Directory with mixed inputs (recursive)

python extract_pcgs.py data/ --out-dir results/pcgs

FASTA + GFF3 (explicit file)

python extract_pcgs.py sample.fasta --gff sample.gff3 --out-dir results/pcgs --mode per-gene

FASTA + GFF3 (auto-match by basename in a directory)

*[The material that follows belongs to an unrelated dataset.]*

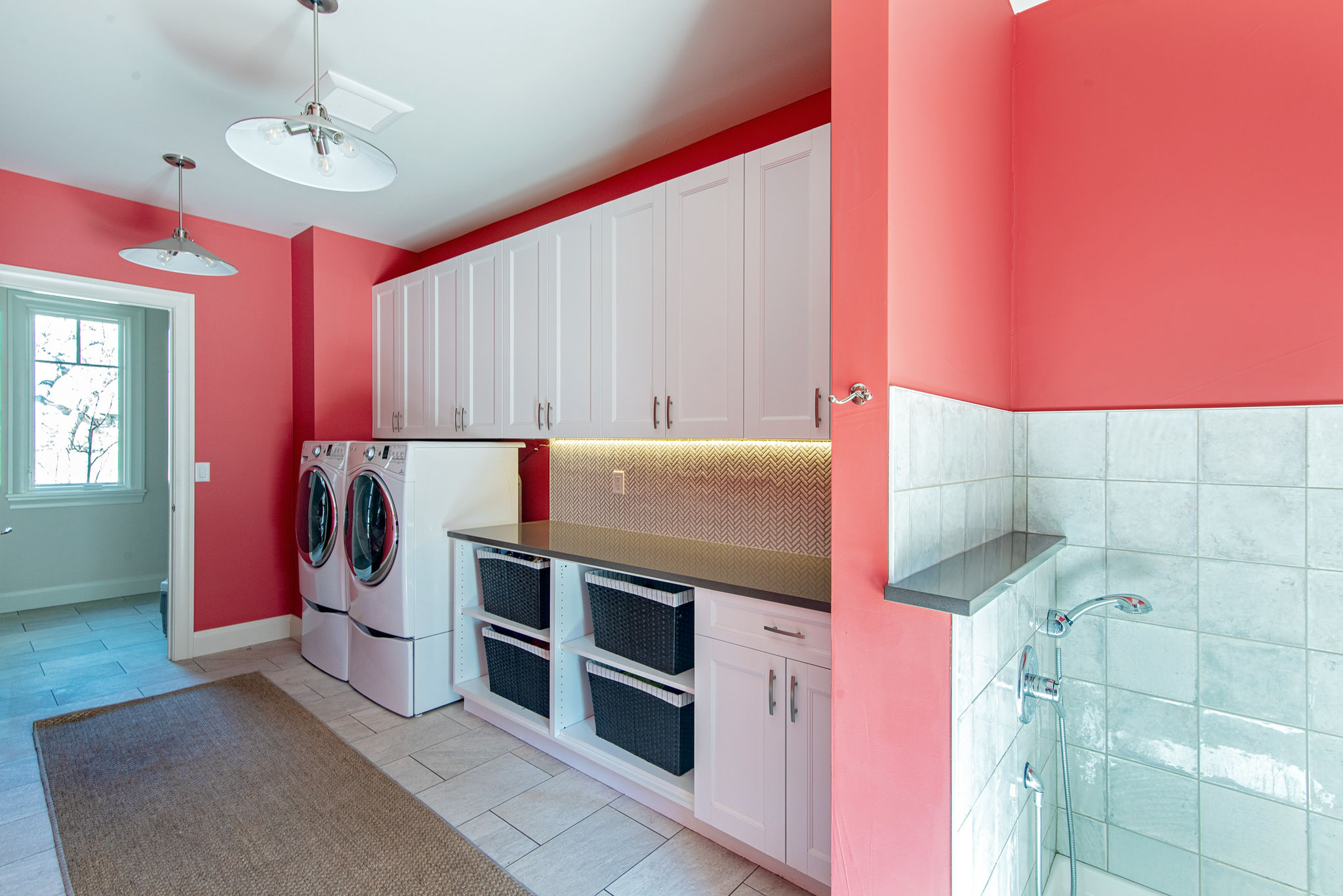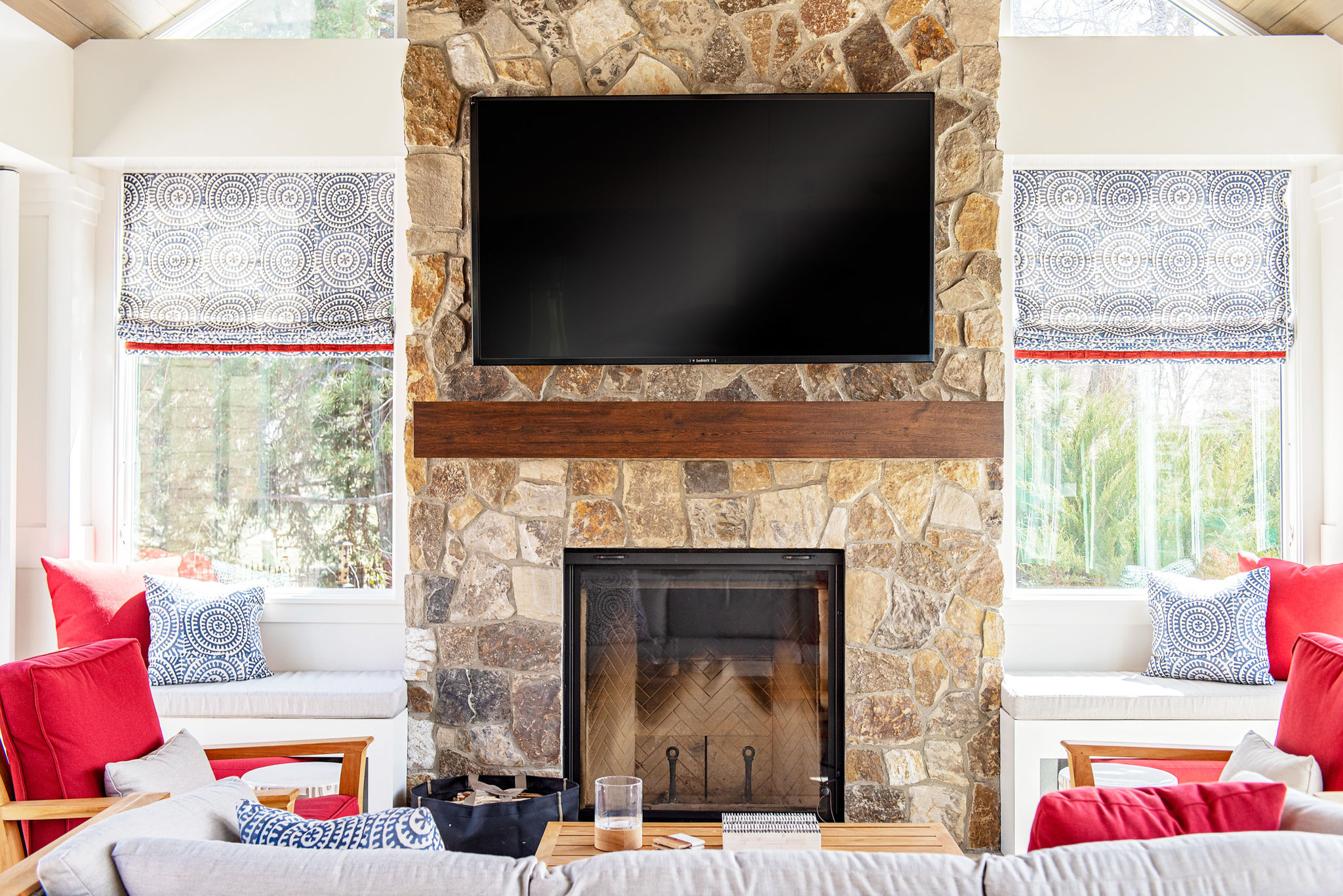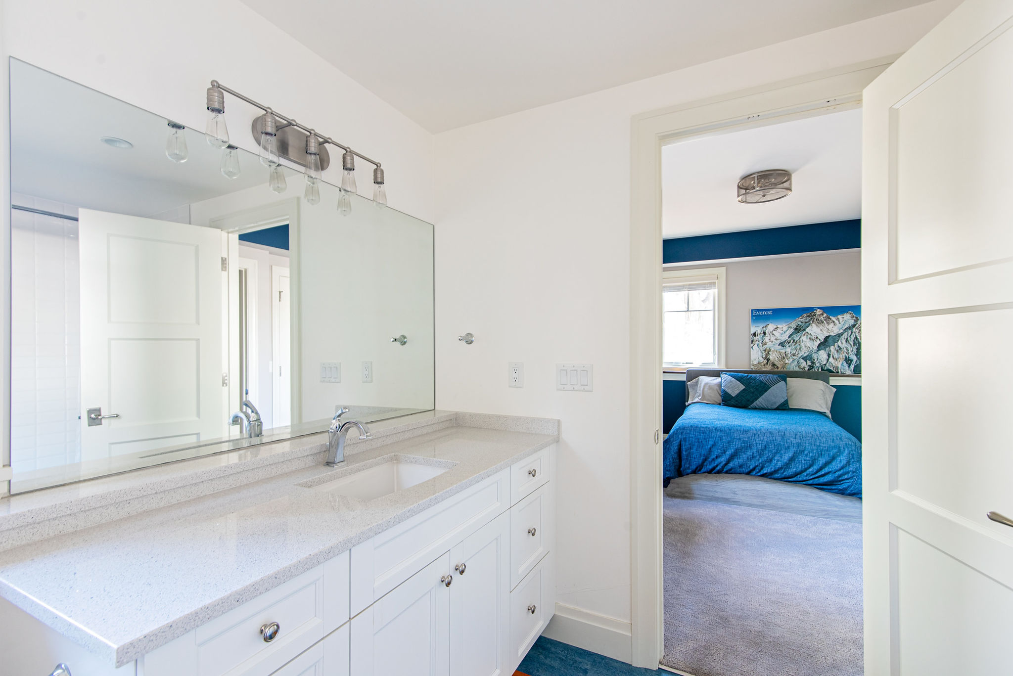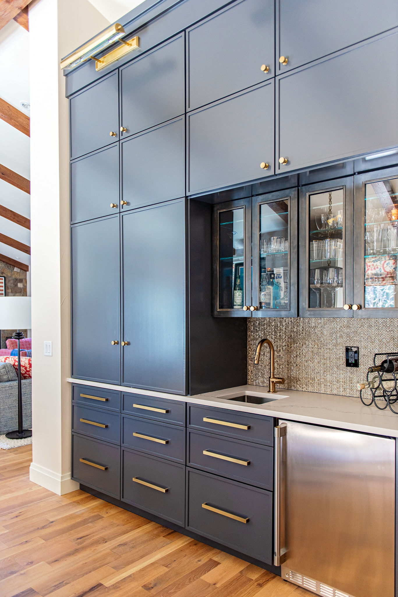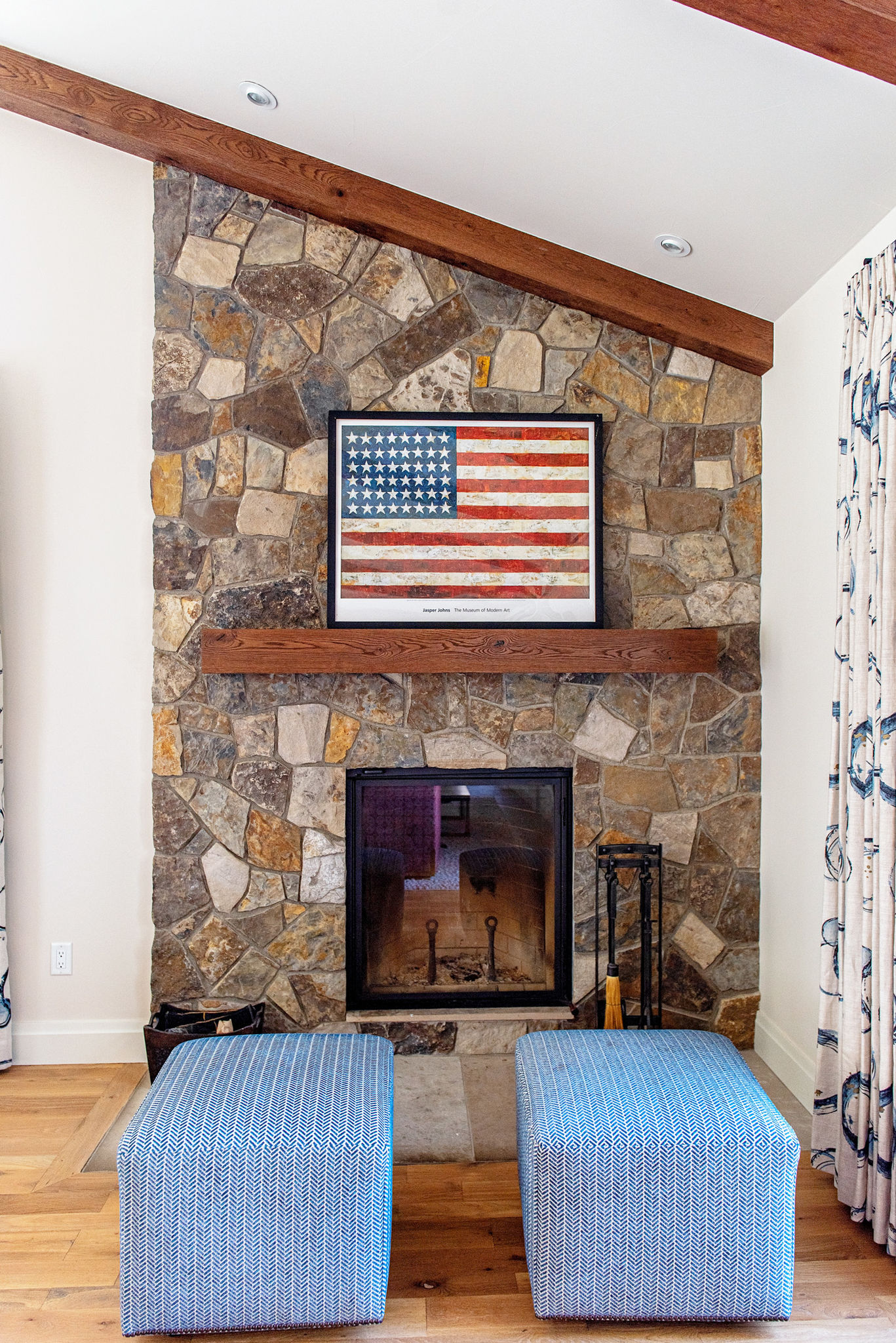 The striking kitchen & living room are the center of the home, creating a superb space for entertaining. The custom-designed kitchen boasts solid wood cabinets, honed quartz countertops, a handcrafted stove hood, six-burner stove, and farmhouse sink.

python extract_pcgs.py genomes/ --gff-dir annotations/ --out-dir results/pcgs --mode concat --protein

Combined FASTA and BED export

python extract_pcgs.py genomes/   --out-dir out/pcgs   --combine-out out/pcgs_all.fasta   --bed out/pcgs_exons.bed   --protein --transl-table 2

Options

  • inputs: one or more files or directories (recursive).
  • --out-dir: directory for per-gene FASTA/JSON (required).
  • --combine-out: optional path to a combined FASTA.
  • --gff: path to a single GFF3 file (for a single FASTA).
  • --gff-dir: directory used to auto-match *.gff/*.gff3 by basename.
  • --circular: treat sequences as circular (wrap-around exons).
  • --protein: output proteins (AA) instead of DNA.
  • --transl-table: NCBI translation table (default 2 = Vertebrate Mitochondrial).
  • --mode {per-gene,concat}: emit per gene (default) or concatenated PCGs per record.
  • --min-len / --max-len: filter sequences by length (0 disables).
  • --bed: optional BED file with exon intervals.
  • --log-level: logging level.

Output

  • out_dir/<record_id>_<gene_id>.fna (DNA) or .faa (protein).
  • out_dir/<record_id>_<gene_id>.json metadata (coords, strand, exon list, product).
  • --mode concat<record_id>_PCGs_concat.fna/.faa + .json.
  • --combine-out → combined FASTA with all outputs.
  • --bed → BED file with exon intervals (0-based, end-exclusive).

FASTA header example:

>NC_XXXX | ND2 | product=NADH dehydrogenase subunit 2 | exons=1 | source=genome.gb
ATG...

JSON sidecar example:

{
  "record_id": "NC_XXXX",
  "source": "genome.gb",
  "gene_id": "ND2",
  "product": "NADH dehydrogenase subunit 2",
  "protein": false,
  "transl_table": 2,
  "length": 1047,
  "exons": [[4586, 5633, "+"]]
}

Notes & caveats

  • The GFF3 parser is minimal, focused on CDS records. For complex eukaryotic models, consider gffutils.
  • Translation stops at the first stop codon (to_stop=True). For quality control, inspect frames and partials.
  • Mitogenomes typically have single-exon CDS, but the code supports multi-exon models and strand handling.
  • For concatenation, genes are ordered by the start of their first exon.

Citation

If this tool contributes to your research, please cite this repository and acknowledge Biopython.


extract_rrna.py

extract_rrna.py extracts mitochondrial rRNAs (12S and 16S) from GenBank or FASTA+GFF3 inputs.
It works on a single file or recursively over directories, includes robust matching logic, and supports circular genomes.

Key features

  • Detects rRNAs from GenBank (feature.type == 'rRNA') or GFF3 (type=rRNA).
  • Robust matching by product/note/gene/Name/ID containing 12S or 16S (also accepts common synonyms such as ssu/lsu, rrnS/rrnL).
  • Circular-aware extraction (wrap-around intervals).
  • Fail policies: --fail-policy skip|empty|error.
  • Optional fallback by FASTA header (--fasta-header-fallback) when no features exist.
  • QC filters: --min-len / --max-len.
  • Outputs: per-rRNA FASTA, optional combined FASTA, optional BED, and JSON sidecars with metadata.

Installation

pip install biopython

Usage

Single GenBank

python extract_rrna.py genome.gb --out-dir results/rrna

Directory with mixed inputs (recursive)

python extract_rrna.py data/ --out-dir results/rrna --circular

FASTA + GFF3 (explicit file)

python extract_rrna.py sample.fasta --gff sample.gff3 --out-dir results/rrna

FASTA + GFF3 (auto-match by basename in a directory)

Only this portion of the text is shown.